YOUR GOAL:
Stop at the line containing "11 pairs of": write out every line from the beginning of the entries up to and including it, minus the pictures.

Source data
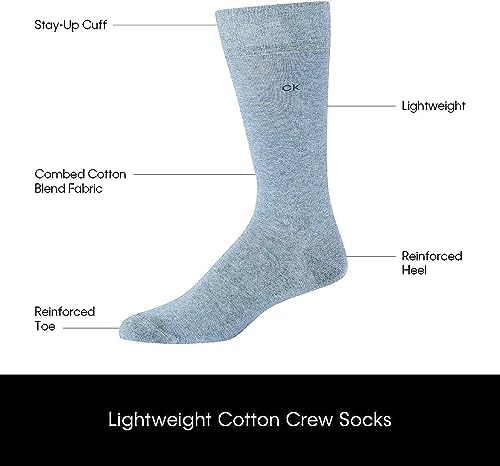 OFFICIAL CALVIN KLEIN: Men's Dress Socks; A global lifestyle brand that exemplifies bold, progressive ideals and a seductive aesthetic COMFORT FIT: Luxurious cotton dress socks accented with a sleek Calvin Klein logo detail are perfect for easy wear comfort SUPER SMOOTH: Dress socks with a silky smooth feel and comfort stretch, Men's socks for shoe sizes 7-12 provide superior comfort; As a leader in American fashion through a clean aesthetic and innovative design, Calvin Klein socks are the best choice MULTIPACK VALUE: For one great price, get 4 pairs of high quality crew men's dress socks; Ideal for formal wear or business casual outfits; Wear these dress socks for weddings, at the office, or any formal occasion EASY CARE: Machine Wash, Tumble Dry; Please Reference Product Description for More Details
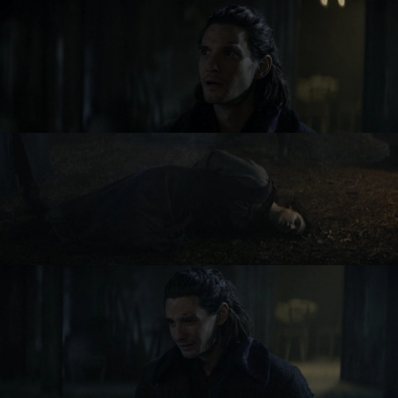 И опять они всунули диалог про память и верность воронов ни к селу, ни к месту. Но то есть зачем нам это сейчас показали?? Это блин в конце второй книги Воронов и имеет смысл. А тут он это говорит и вообще не понятно причем тут вороны. Нам ведь в сериале даже не сказали почему именно вороны, только показали что бар так назывался 🤦♀️
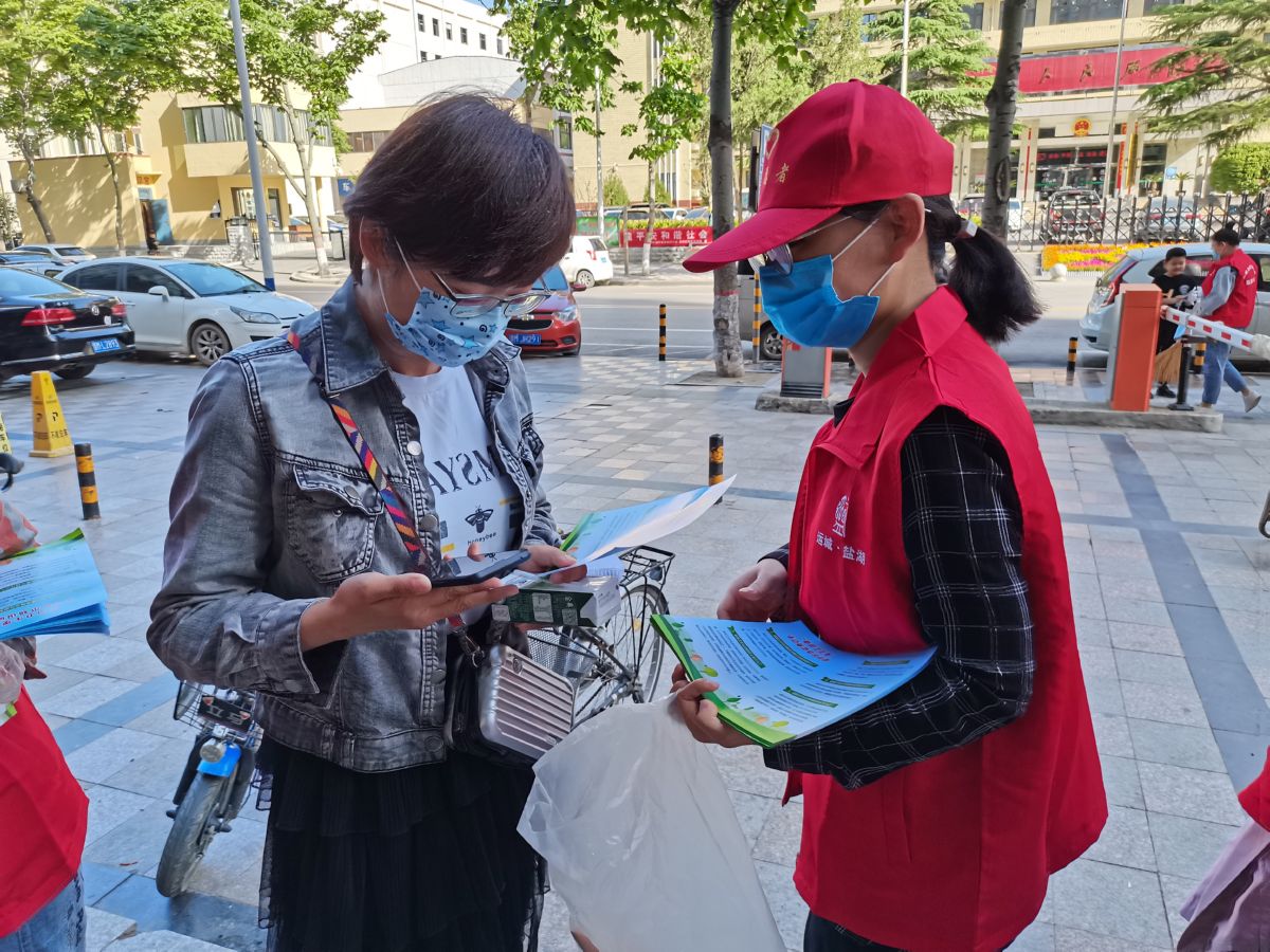 志愿者在发放倡议书 崔萌 摄
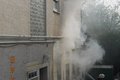 Bei Eintreffen an der Einsatzstelle war aus mehreren Fenster des Gebäudes stark austretender Rauch zu erkennen.
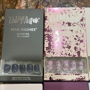 11 pairs of Red Aspen Press on nails! Explore the vibrant collection of Nail Dashes. Featuring a variety of colors including pink, purple, and cream, these nail dashes offer a quick and stylish manicure solution. Perfect for any occasion.
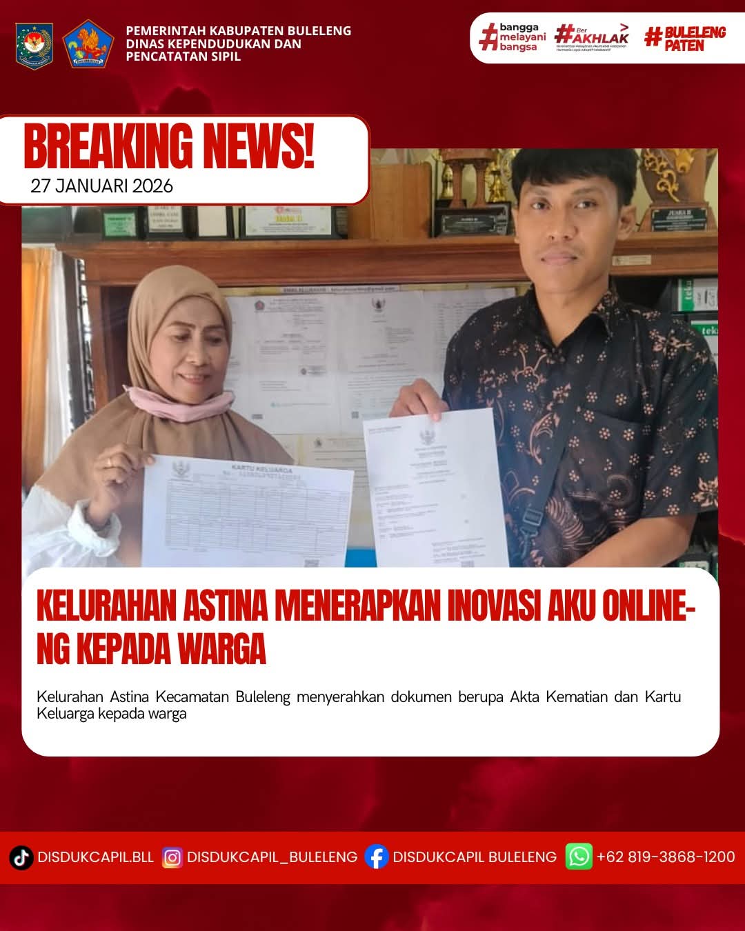 Pemerintah Kabupaten Buleleng melalui Dinas Kependudukan dan Pecatatan Sipil (Disdukcapil) Kabupaten Buleleng memaksimalkan serta mempermudah pelayanan kependudukan masyarakat dengan beberapa inovasi, melalui aplikasi AKU Online-NG. Dimana dalam penerapan aplikasi Aku Online-NG tersebut masyarakat tidak perlu lagi datang ke Dinas Dukcapil untuk melakukan pelayanan langsung cukup dengan datang ke Desa nanti akan dibantu oleh operator Desa masing-masing. Di Kelurahan Astina Kecamatan Buleleng, telah diserahkan dokumen kependudukan berupa Akta Kematian dan Kartu Keluarga yang diserahkan langsung oleh Operator Kelurahan Astina Kecamatan Buleleng, Kabupaten Buleleng, Senin (26/1).

OUTPUT FOR THIS EXERCISE:
 OFFICIAL CALVIN KLEIN: Men's Dress Socks; A global lifestyle brand that exemplifies bold, progressive ideals and a seductive aesthetic COMFORT FIT: Luxurious cotton dress socks accented with a sleek Calvin Klein logo detail are perfect for easy wear comfort SUPER SMOOTH: Dress socks with a silky smooth feel and comfort stretch, Men's socks for shoe sizes 7-12 provide superior comfort; As a leader in American fashion through a clean aesthetic and innovative design, Calvin Klein socks are the best choice MULTIPACK VALUE: For one great price, get 4 pairs of high quality crew men's dress socks; Ideal for formal wear or business casual outfits; Wear these dress socks for weddings, at the office, or any formal occasion EASY CARE: Machine Wash, Tumble Dry; Please Reference Product Description for More Details
 И опять они всунули диалог про память и верность воронов ни к селу, ни к месту. Но то есть зачем нам это сейчас показали?? Это блин в конце второй книги Воронов и имеет смысл. А тут он это говорит и вообще не понятно причем тут вороны. Нам ведь в сериале даже не сказали почему именно вороны, только показали что бар так назывался 🤦♀️
 志愿者在发放倡议书 崔萌 摄
 Bei Eintreffen an der Einsatzstelle war aus mehreren Fenster des Gebäudes stark austretender Rauch zu erkennen.
 11 pairs of Red Aspen Press on nails! Explore the vibrant collection of Nail Dashes. Featuring a variety of colors including pink, purple, and cream, these nail dashes offer a quick and stylish manicure solution. Perfect for any occasion.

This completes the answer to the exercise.